Lori turned to Carl. “It won’t hurt to look.”

He took that as his green light and picked up his cell phone.

“In the meantime,” Lori looked between Trina and Avery, “private conversations should be taken outside.”

Which was what Reed would have suggested had he been given the chance.

The question was, how many private conversations had taken place in the hotel before he’d found the bug?

And what had Sasha learned?




“I know it’s not skydiving, but hey . . . horses.” Lori leaned over and patted the mare’s neck.

It was close to dusk, and the temperature had dropped a good fifteen degrees, making the ride pleasurable instead of a sweaty mess for the horses and the riders.

“I haven’t been on the back of a horse since I was a kid,” Reed told her. He stood in the saddle and repositioned himself. “I’m not sure I’m going to be of any use to you when we get back.”

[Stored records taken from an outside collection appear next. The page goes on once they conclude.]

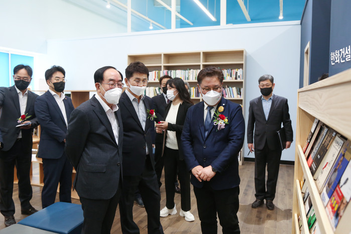 [세계타임즈 이진화 기자]한화건설(대표이사 최광호)이 29일 인천 미추홀구에 위치한 ‘시민협력플랫폼 공감’에서 포레나 도서관 100호점을 개관했다.
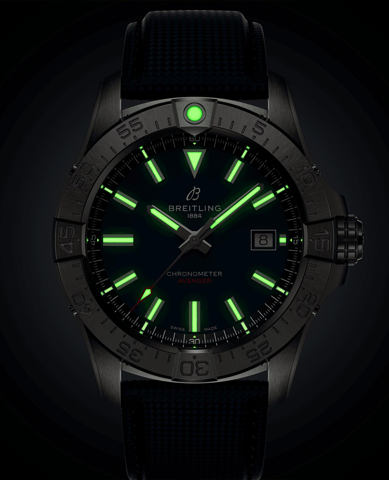Мужские наручные часы Breitling Avenger Automatic 42 A17328101C1X1 с надёжным автоматическим механизмом. Сапфировое стеклоСапфировое стеклоПрочный и надёжный материал из кристалла сапфира синтетического происхождения, характеризующийся особой твёрдостью и устойчивостью к царапинам и повреждениям. повышенной прозрачности, устойчивое к мелким механическим повреждениям. Вращающийся безельБезельВнешний ободок, закрепляющий стекло. В спортивных часах так называется поворотное кольцо с делениями на циферблате, выполняет роль таймера – замеряет отрезки времени на шкале. Неподвижный безель – элемент декора. Однонаправленно вращающийся безель на дайверских часах позволяет фиксировать моменты погружения и выныривания на поверхность.. Окошко даты находится в положении 3 часа. Стрелки и метки с люминесцентным покрытиемЛюминесцентное покрытиеПозволяет считывать показания времени в темноте. Производители наносят на стрелки, часовые индексы, безель или поверхность циферблата светонакопительный состав, дающий холодное свечение.. Кожаный ремешок на стандартной застёжке. Класс водозащиты: 300 метров, позволит плавать, нырять и заниматься другими водными видами спорта.
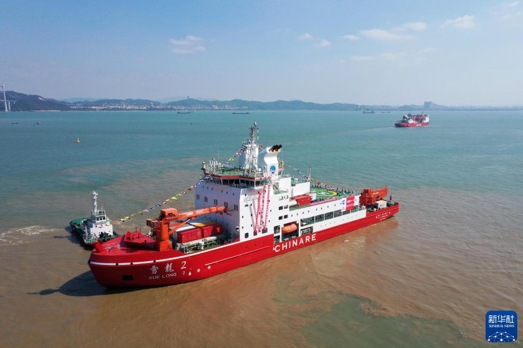 2024年11月1日,执行中国第41次南极考察任务的“雪龙”号和“雪龙2”号船从广州南沙国际邮轮母港码头出发。新华社记者 黄国保 摄
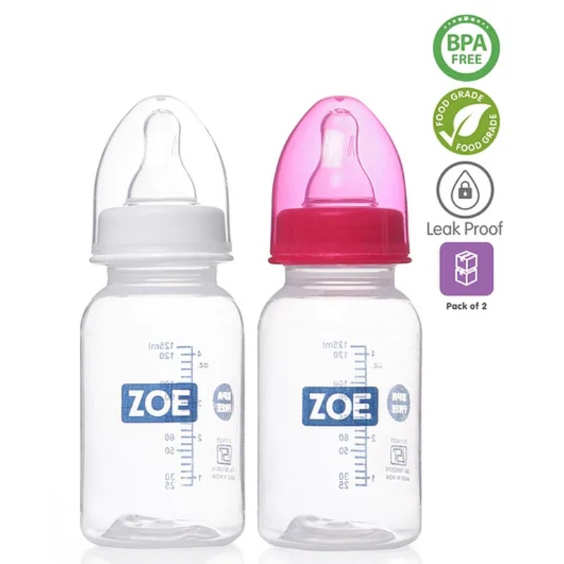 Zoe Feeding Bottle With Nipples Pack Of 2 White And Pink – 125 ml Each
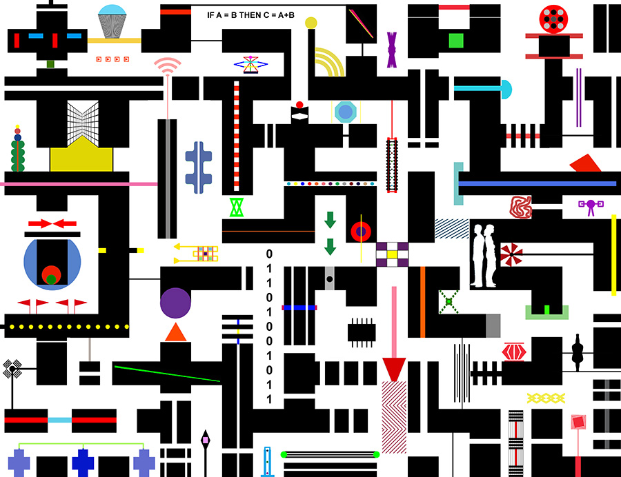 La serie delle opere Città Robotiche non sono alto che la trasposizione in immaginario artistico della contemporaneità formata dall’integrazione di macchine e circuiti, di reti e di servizi dove passano le informazioni della nostra vita in forma digitale e viene raccontata con l’ausilio della stessa

Lori glanced over and giggled. “Ah, are you having a hard time there?”

“Tease me now . . . go ahead.”

She licked her lips. “I’m sure I can manage to make it all better.”

He groaned. The only thing harder than riding a horse when you had a dick was riding one with a hard-on.

“Are you sure it’s okay that you’re here? Your boss isn’t going to be upset with the time off you’ve been taking?”

The tangling of the web he’d been weaving was starting to thicken up. “I get paid by the task, not by the hour. I’m good. Don’t you have enough to worry about other than my job?”

“I do. But I’d feel terrible if something happened between you and your boss.”

He really hoped the guilt down his spine wasn’t showing on his face. “Nothing is going to happen. I promise.”

They’d turned the horses back toward the ranch house and had to keep them from running home.

“If you ever wanted to change professions, Avery seems to think you have the perfect fit for a bodyguard.”

“And what does Avery know about bodyguards?”

“She said you have the perfect resting bitch face.”

“Was that a compliment?”

“Not sure. Probably.”

His horse tossed her head. “I wanted to be a cop, once.” A half-truth was the best he could give her without more questions.

Lori tilted her head. “What happened to that dream?”

The memory of blood running down his neck from the slash in his cheek while he watched his partner struggling to breathe flashed. “It didn’t work out.”

“I think you would make a great cop.”

As if he’d ever go back. Just thinking about it made the faded scar on his chin itch.